WHAT THE EXERCISE ASKS — Only the lines from the first line of the entries through the line with "Ancient Rock Cut" belong in the answer, each restated word for word and without pictures.

RECORDS FOR THIS TASK —
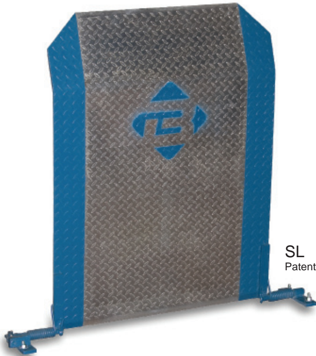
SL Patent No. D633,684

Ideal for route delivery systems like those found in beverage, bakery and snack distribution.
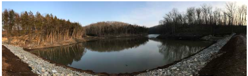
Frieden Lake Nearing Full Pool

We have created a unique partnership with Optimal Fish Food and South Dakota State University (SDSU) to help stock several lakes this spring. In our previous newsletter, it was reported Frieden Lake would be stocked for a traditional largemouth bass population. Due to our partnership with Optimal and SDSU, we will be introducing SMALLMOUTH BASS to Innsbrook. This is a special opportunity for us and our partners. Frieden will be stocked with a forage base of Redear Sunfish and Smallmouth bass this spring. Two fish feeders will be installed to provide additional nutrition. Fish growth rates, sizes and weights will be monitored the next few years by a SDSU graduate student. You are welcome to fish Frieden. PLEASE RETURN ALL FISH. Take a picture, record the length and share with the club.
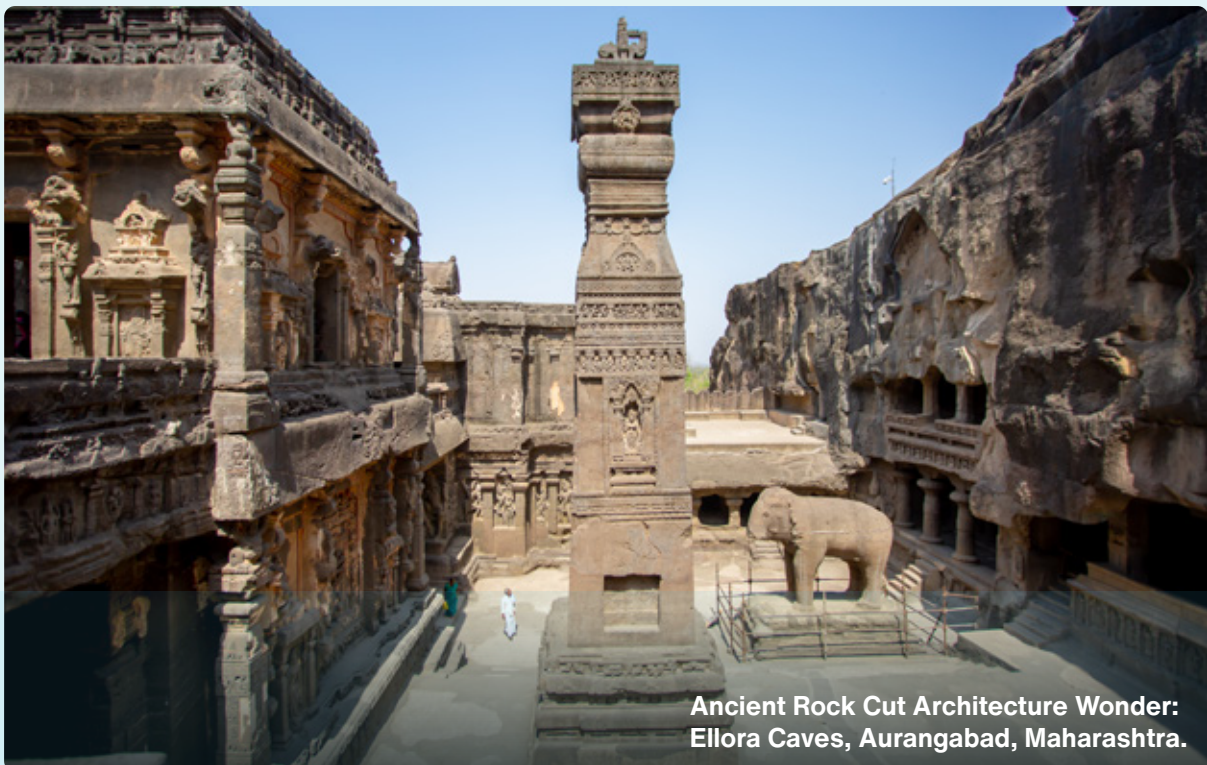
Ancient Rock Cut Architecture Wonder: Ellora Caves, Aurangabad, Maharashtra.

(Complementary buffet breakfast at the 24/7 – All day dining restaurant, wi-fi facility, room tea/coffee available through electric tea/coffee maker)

EXERCISE RESULT —
SL Patent No. D633,684

Ideal for route delivery systems like those found in beverage, bakery and snack distribution.
Frieden Lake Nearing Full Pool

We have created a unique partnership with Optimal Fish Food and South Dakota State University (SDSU) to help stock several lakes this spring. In our previous newsletter, it was reported Frieden Lake would be stocked for a traditional largemouth bass population. Due to our partnership with Optimal and SDSU, we will be introducing SMALLMOUTH BASS to Innsbrook. This is a special opportunity for us and our partners. Frieden will be stocked with a forage base of Redear Sunfish and Smallmouth bass this spring. Two fish feeders will be installed to provide additional nutrition. Fish growth rates, sizes and weights will be monitored the next few years by a SDSU graduate student. You are welcome to fish Frieden. PLEASE RETURN ALL FISH. Take a picture, record the length and share with the club.
Ancient Rock Cut Architecture Wonder: Ellora Caves, Aurangabad, Maharashtra.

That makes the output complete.